:: Exercise requirements ::
Copy the records that follow exactly as written, but not their pictures.

Data listing below:

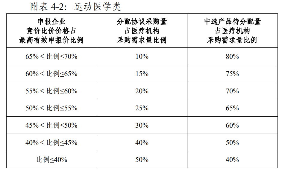 對(duì)于有效申報(bào)企業(yè)數(shù)為1家和2家的競(jìng)價(jià)單元,將根據(jù)申報(bào)企業(yè)競(jìng)價(jià)比價(jià)價(jià)格占最高有效申報(bào)價(jià)的比例,梯度分配醫(yī)療機(jī)構(gòu)協(xié)議采購量。需要注意的是,在這一競(jìng)價(jià)單元中,所有剩余量由醫(yī)療機(jī)構(gòu)分配給中選排名首位的中選企業(yè)。
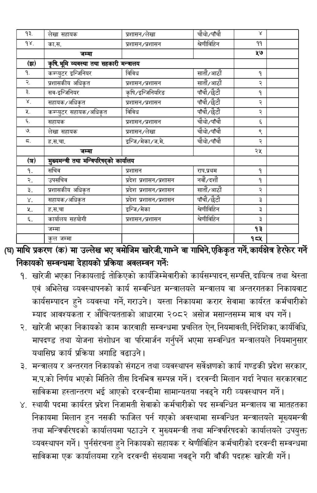 प्रदेशसभा सचिवालयमा १, नीति तथा योजना आयोगमा ३, उद्योग तथा पर्यटन मन्त्रालयमा ९, ऊर्जा, जलस्रोत तथा खानेपानी मन्त्रालयमा १४, भौतिक पूर्वाधारमा ७, वन तथा वातावरणमा ३२, सामाजिक विकासमा २४, स्वास्थ्यमा सबैभन्दा धेरै ५७ र कृषिमा २५ पद खारेज गरिएको छ। मुख्यमन्त्री कार्यालयका विभिन्न तहका १३ पद पनि कटौती गरिएको छ।
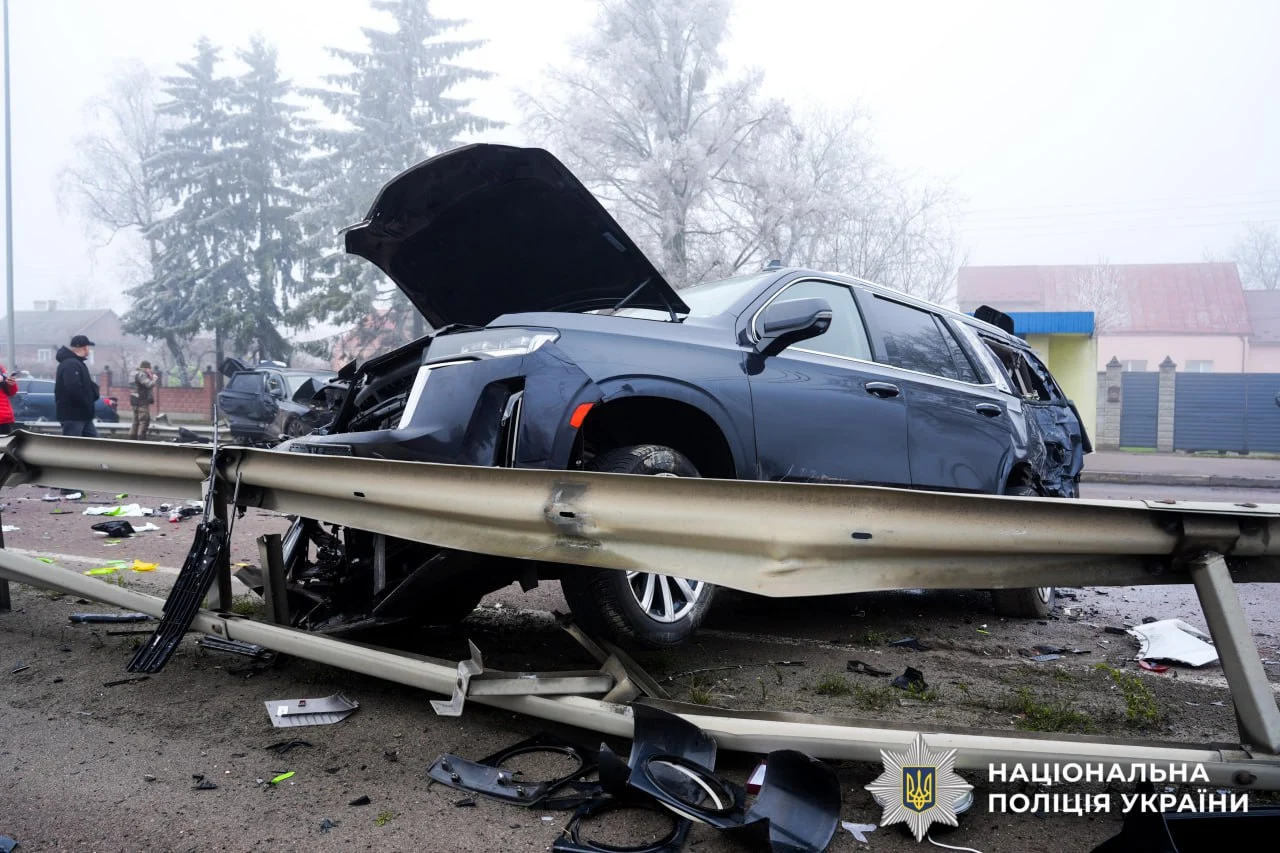 Під час очікування патрульної поліції в Cadillac в’їхав Volkswagen Touareg, після чого до автопригоди долучилися ще п’ять транспортних засобів.
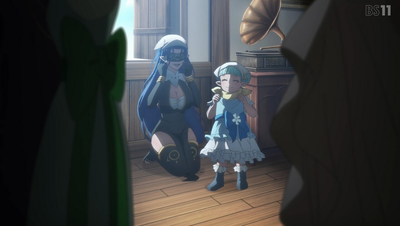ユーリ達の一番下の妹・メイは幼く、アインを見た途端大泣き。そんな彼女をあやそうと、真面目なアインは彼女を抱えて世界一の「たかいたかーい」!? 傍らには、この後大災害に転じるのではないかと密かに気を揉むクルシュとピナの姿があるのだった…。 五人の精霊姉妹が再会を喜び合う中、アインはユーリ達との出会いに思いを馳せる。自身の境遇だけでなく心も前向きに変わる事ができたと感謝し、これからも皆を守り抜きたいと、アインはウルスラに決意を伝えるのだった。
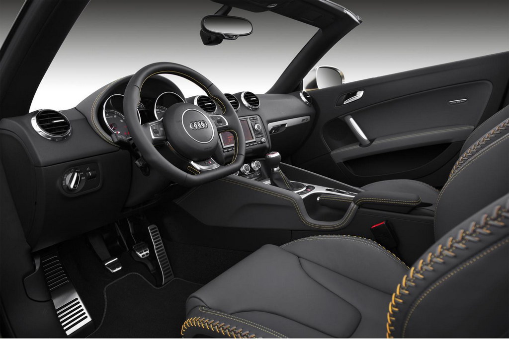 Audi TTS Limited Edition comes with a quad-tailpipe sports exhaust system, TTS sports suspension with Audi magnetic ride damper control, xenon headlamps with LED daytime running lights, electronic climate control, heated front sports seats and matt brushed aluminium inlays. That is in addition to an Audi exclusive paint finish in Nimbus grey for Coupé models and Imola yellow for Roadsters; a fixed rear spoiler in the style of the flagship TT RS; and an upgrade from the standard TTS 18-inch five parallel spoke design alloy wheel to a 19-inch five-arm rotor design.
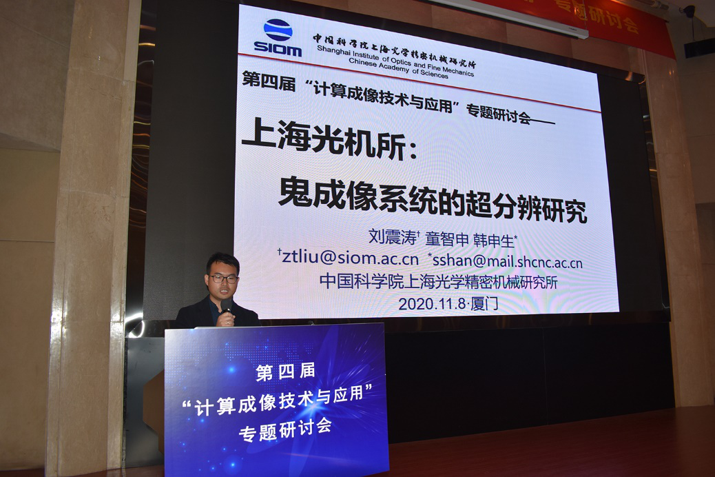 上海光学精密机械研究所刘震涛老师,以“鬼成像系统的超分辨研究”为题介绍了在利用鬼成像系统的传递函数先验实现超分辨,和利用鬼成像系统在光场高维直接成像的特点,进一步提高分辨率这两方面的研究。
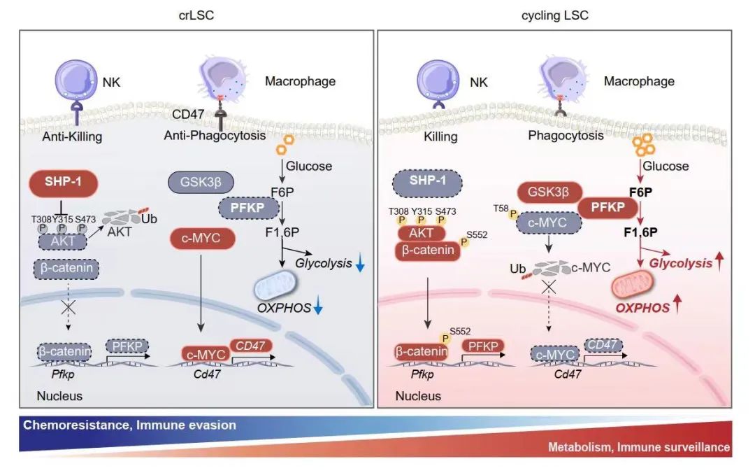 此外,研究团队还发现crLSC具有强大的免疫逃逸能力,并证实抑制SHP-1可以有效增强巨噬细胞和NK细胞对crLSC的免疫监视作用。研究揭示抑制SHP-1引起PFKP上调,而代谢酶PFKP可有效促进MYC蛋白的降解,进而在crLSC中降低CD47等免疫逃逸分子的表达,增强了免疫系统对crLSC的识别和杀伤作用。

End of Data listing.

:: Task solution ::
 對(duì)于有效申報(bào)企業(yè)數(shù)為1家和2家的競(jìng)價(jià)單元,將根據(jù)申報(bào)企業(yè)競(jìng)價(jià)比價(jià)價(jià)格占最高有效申報(bào)價(jià)的比例,梯度分配醫(yī)療機(jī)構(gòu)協(xié)議采購量。需要注意的是,在這一競(jìng)價(jià)單元中,所有剩余量由醫(yī)療機(jī)構(gòu)分配給中選排名首位的中選企業(yè)。
 प्रदेशसभा सचिवालयमा १, नीति तथा योजना आयोगमा ३, उद्योग तथा पर्यटन मन्त्रालयमा ९, ऊर्जा, जलस्रोत तथा खानेपानी मन्त्रालयमा १४, भौतिक पूर्वाधारमा ७, वन तथा वातावरणमा ३२, सामाजिक विकासमा २४, स्वास्थ्यमा सबैभन्दा धेरै ५७ र कृषिमा २५ पद खारेज गरिएको छ। मुख्यमन्त्री कार्यालयका विभिन्न तहका १३ पद पनि कटौती गरिएको छ।
 Під час очікування патрульної поліції в Cadillac в’їхав Volkswagen Touareg, після чого до автопригоди долучилися ще п’ять транспортних засобів.
ユーリ達の一番下の妹・メイは幼く、アインを見た途端大泣き。そんな彼女をあやそうと、真面目なアインは彼女を抱えて世界一の「たかいたかーい」!? 傍らには、この後大災害に転じるのではないかと密かに気を揉むクルシュとピナの姿があるのだった…。 五人の精霊姉妹が再会を喜び合う中、アインはユーリ達との出会いに思いを馳せる。自身の境遇だけでなく心も前向きに変わる事ができたと感謝し、これからも皆を守り抜きたいと、アインはウルスラに決意を伝えるのだった。
 Audi TTS Limited Edition comes with a quad-tailpipe sports exhaust system, TTS sports suspension with Audi magnetic ride damper control, xenon headlamps with LED daytime running lights, electronic climate control, heated front sports seats and matt brushed aluminium inlays. That is in addition to an Audi exclusive paint finish in Nimbus grey for Coupé models and Imola yellow for Roadsters; a fixed rear spoiler in the style of the flagship TT RS; and an upgrade from the standard TTS 18-inch five parallel spoke design alloy wheel to a 19-inch five-arm rotor design.
 上海光学精密机械研究所刘震涛老师,以“鬼成像系统的超分辨研究”为题介绍了在利用鬼成像系统的传递函数先验实现超分辨,和利用鬼成像系统在光场高维直接成像的特点,进一步提高分辨率这两方面的研究。
 此外,研究团队还发现crLSC具有强大的免疫逃逸能力,并证实抑制SHP-1可以有效增强巨噬细胞和NK细胞对crLSC的免疫监视作用。研究揭示抑制SHP-1引起PFKP上调,而代谢酶PFKP可有效促进MYC蛋白的降解,进而在crLSC中降低CD47等免疫逃逸分子的表达,增强了免疫系统对crLSC的识别和杀伤作用。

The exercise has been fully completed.